Task data >>
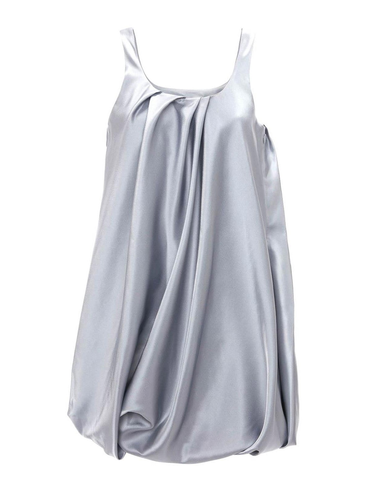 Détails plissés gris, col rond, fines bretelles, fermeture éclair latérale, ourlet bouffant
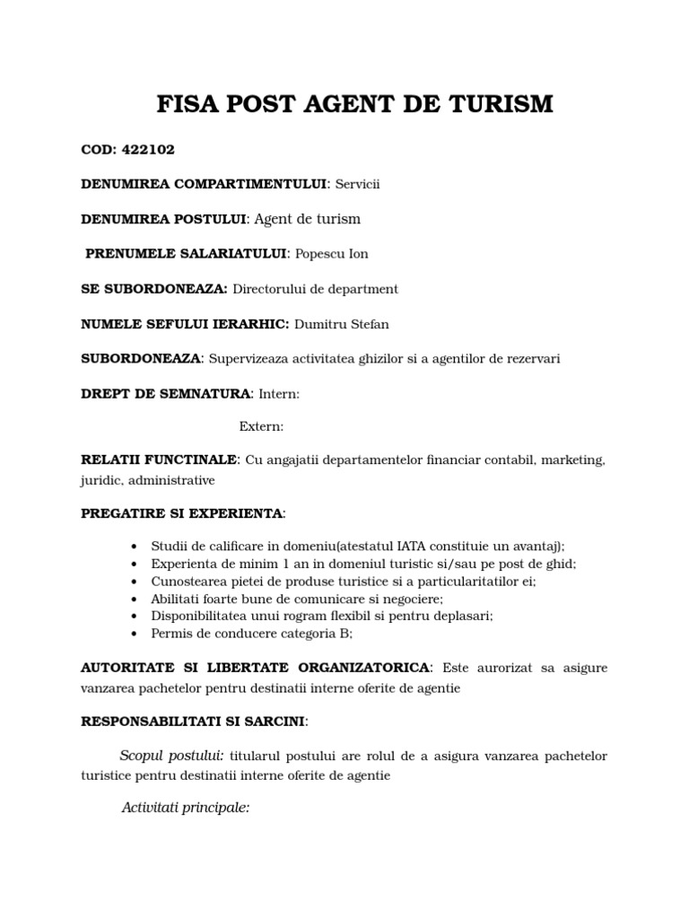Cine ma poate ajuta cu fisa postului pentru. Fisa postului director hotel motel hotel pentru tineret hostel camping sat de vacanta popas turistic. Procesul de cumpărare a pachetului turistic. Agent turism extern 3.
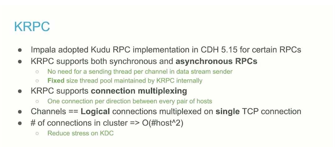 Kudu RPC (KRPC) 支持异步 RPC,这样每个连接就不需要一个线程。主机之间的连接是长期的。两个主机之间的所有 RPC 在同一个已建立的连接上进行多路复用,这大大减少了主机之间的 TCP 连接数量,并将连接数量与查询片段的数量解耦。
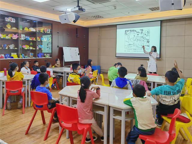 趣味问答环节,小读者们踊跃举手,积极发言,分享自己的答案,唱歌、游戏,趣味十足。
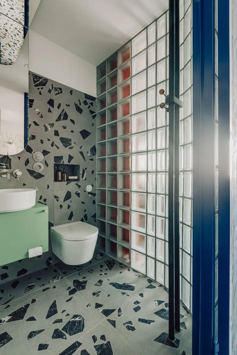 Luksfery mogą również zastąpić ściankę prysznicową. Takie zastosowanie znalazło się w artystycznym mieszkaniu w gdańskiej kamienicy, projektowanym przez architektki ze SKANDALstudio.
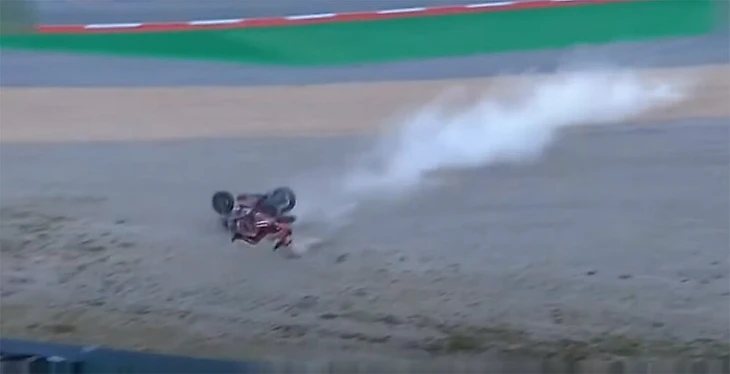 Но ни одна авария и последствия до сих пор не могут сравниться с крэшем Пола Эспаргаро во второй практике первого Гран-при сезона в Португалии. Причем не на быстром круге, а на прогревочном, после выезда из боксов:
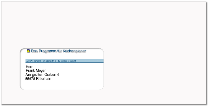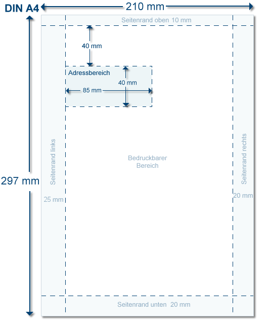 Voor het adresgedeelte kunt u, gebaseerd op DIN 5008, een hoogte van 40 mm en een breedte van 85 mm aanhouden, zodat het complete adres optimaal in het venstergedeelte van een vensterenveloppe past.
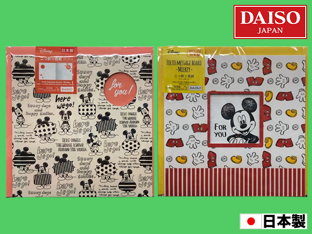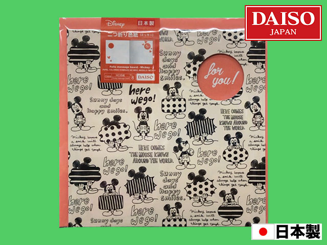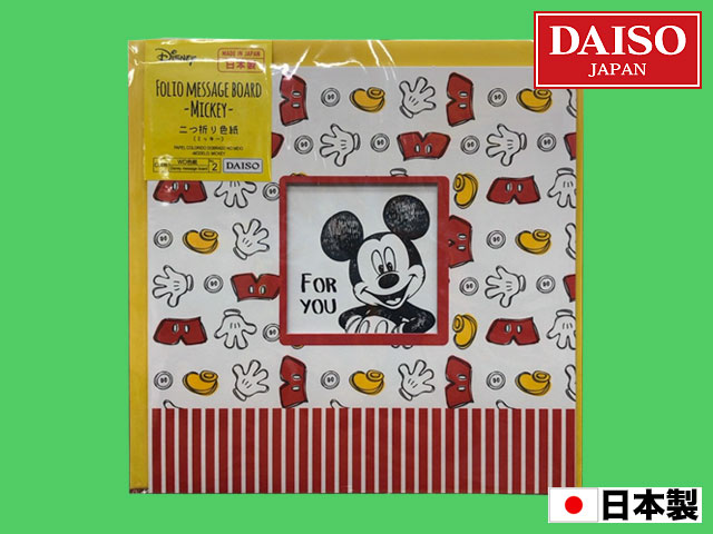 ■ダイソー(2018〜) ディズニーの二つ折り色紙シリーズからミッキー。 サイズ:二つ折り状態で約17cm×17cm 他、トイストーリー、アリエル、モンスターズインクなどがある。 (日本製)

---

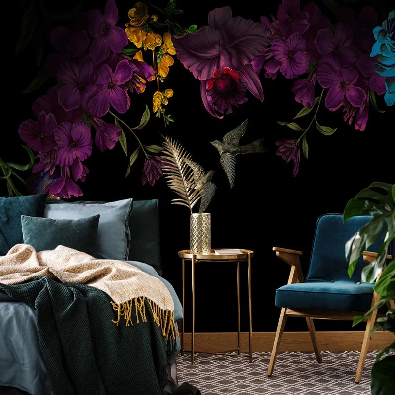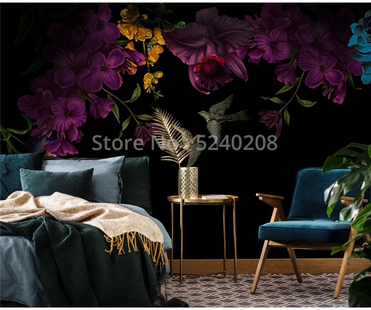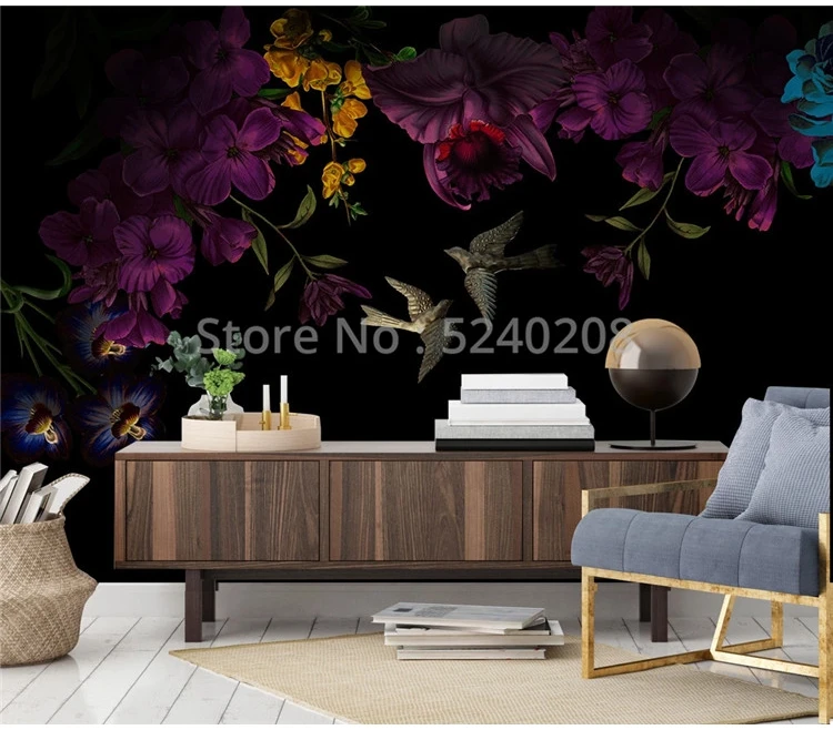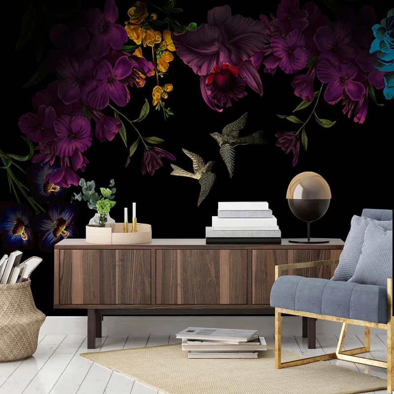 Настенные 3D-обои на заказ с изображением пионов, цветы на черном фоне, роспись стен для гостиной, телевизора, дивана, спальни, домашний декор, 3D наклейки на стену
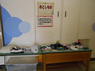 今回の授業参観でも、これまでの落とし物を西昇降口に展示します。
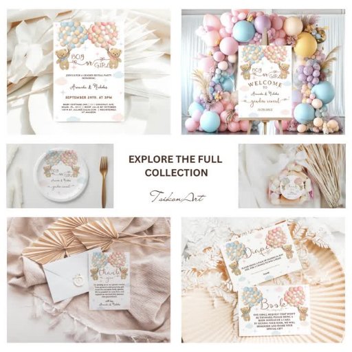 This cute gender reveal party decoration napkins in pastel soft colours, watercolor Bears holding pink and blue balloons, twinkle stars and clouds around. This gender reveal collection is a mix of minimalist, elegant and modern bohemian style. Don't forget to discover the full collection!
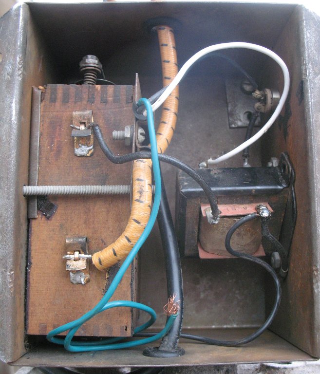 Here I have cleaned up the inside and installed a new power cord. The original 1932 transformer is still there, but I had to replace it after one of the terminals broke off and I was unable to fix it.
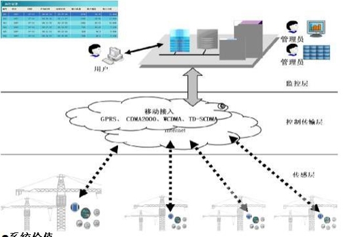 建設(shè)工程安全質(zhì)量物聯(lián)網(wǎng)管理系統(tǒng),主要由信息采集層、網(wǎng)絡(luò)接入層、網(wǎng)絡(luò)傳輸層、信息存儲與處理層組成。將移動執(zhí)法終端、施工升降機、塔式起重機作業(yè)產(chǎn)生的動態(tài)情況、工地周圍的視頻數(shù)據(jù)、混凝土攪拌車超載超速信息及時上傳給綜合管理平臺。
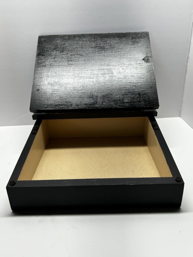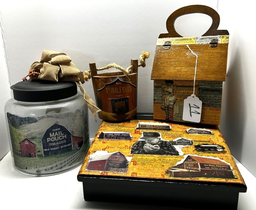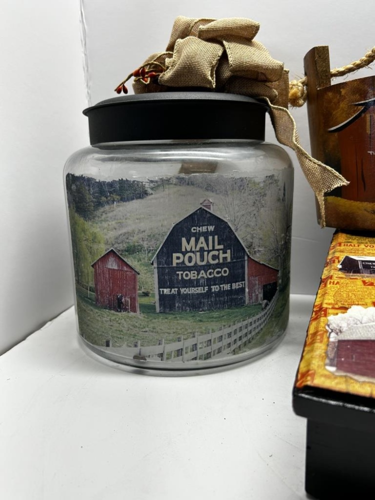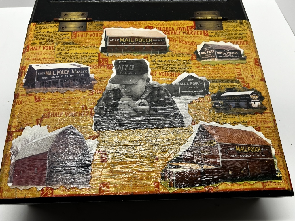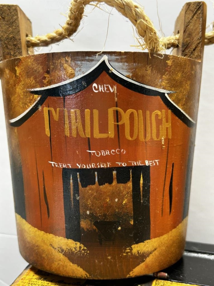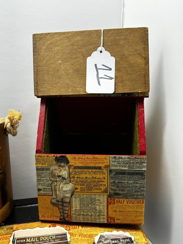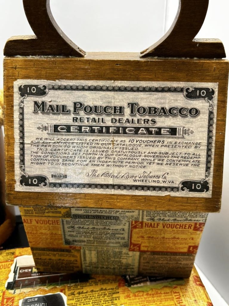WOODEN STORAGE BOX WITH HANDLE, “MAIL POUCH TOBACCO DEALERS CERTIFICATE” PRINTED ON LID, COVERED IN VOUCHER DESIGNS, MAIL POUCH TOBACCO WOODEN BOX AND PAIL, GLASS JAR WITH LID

...

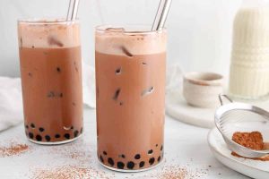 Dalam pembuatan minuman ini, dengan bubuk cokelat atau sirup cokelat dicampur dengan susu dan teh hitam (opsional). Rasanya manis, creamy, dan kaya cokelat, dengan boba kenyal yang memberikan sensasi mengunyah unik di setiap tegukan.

What you have to do >> What you return must match the lines above from the one with "Détails plissés gris, col" through the one with "Cine ma poate" exactly, with both ends included and the pictures excluded.

Result for this task >>
 Détails plissés gris, col rond, fines bretelles, fermeture éclair latérale, ourlet bouffant
Cine ma poate ajuta cu fisa postului pentru. Fisa postului director hotel motel hotel pentru tineret hostel camping sat de vacanta popas turistic. Procesul de cumpărare a pachetului turistic. Agent turism extern 3.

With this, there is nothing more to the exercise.